Decisions and Action Items

• Decision: The Chair will proceed to merge Pull Request 717 (enabling streaming for aggregation job messages) at the end of day Thursday, July 3rd, 2024, unless objections are raised on the pull request.
• Action Item: Chairs to release DAP draft-16.
• Action Item: Chairs to update the HTTP Directorate on the new DAP draft-16 for their review.
• Action Item: Working Group members are encouraged to review PR 717 and provide feedback before the planned merge date.
• Action Item: The Working Group expressed general interest in adopting draft-thompson-ppm-l1-bound-sum. Chairs will consider next steps for formal adoption.

Next Steps

• DAP Progress:
  • Release DAP draft-16.
  • Resolve remaining open issues for DAP, aiming to address them during the WGLC period.
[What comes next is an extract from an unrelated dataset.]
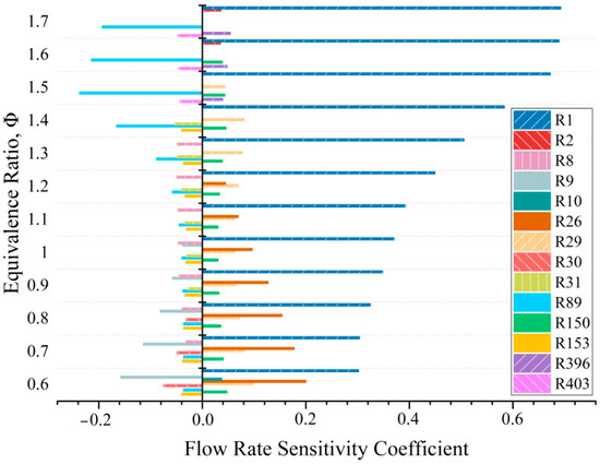 The flow rate sensitivity coefficients of laminar flame speed calculated with DGPA at an unburned gas temperature of 298 K and equivalent ratios of 0.6–1.7.

  • Continue implementation efforts for DAP in parallel with the WGLC process.
  • Initiate the Working Group Last Call for DAP as soon as feasible.
• draft-thompson-ppm-l1-bound-sum:
  • Further implementation and deployment efforts for draft-thompson-ppm-l1-bound-sum.
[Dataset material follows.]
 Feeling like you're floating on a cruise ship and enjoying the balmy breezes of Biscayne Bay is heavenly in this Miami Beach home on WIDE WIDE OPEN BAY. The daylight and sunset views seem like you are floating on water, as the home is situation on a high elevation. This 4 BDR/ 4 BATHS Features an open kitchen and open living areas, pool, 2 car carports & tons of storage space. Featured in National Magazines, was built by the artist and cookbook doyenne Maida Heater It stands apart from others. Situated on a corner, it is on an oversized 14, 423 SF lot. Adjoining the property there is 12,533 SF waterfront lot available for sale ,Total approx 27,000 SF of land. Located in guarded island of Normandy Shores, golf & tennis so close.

  • The Chairs will follow up on the process for formally proposing adoption of this draft into the PPM Working Group.
• draft-chen-ppm-psi and related work:
  • The author of draft-chen-ppm-psi and interested parties are encouraged to explore potential pathways for standardization, considering the discussion around the current PPM charter and whether a re-charter or a new working group might be more appropriate for multi-party data fusion.
  • Further discussions are needed to determine the scope and framework (e.g., general data fusion vs. specific protocols like PSI) for such work within the IETF.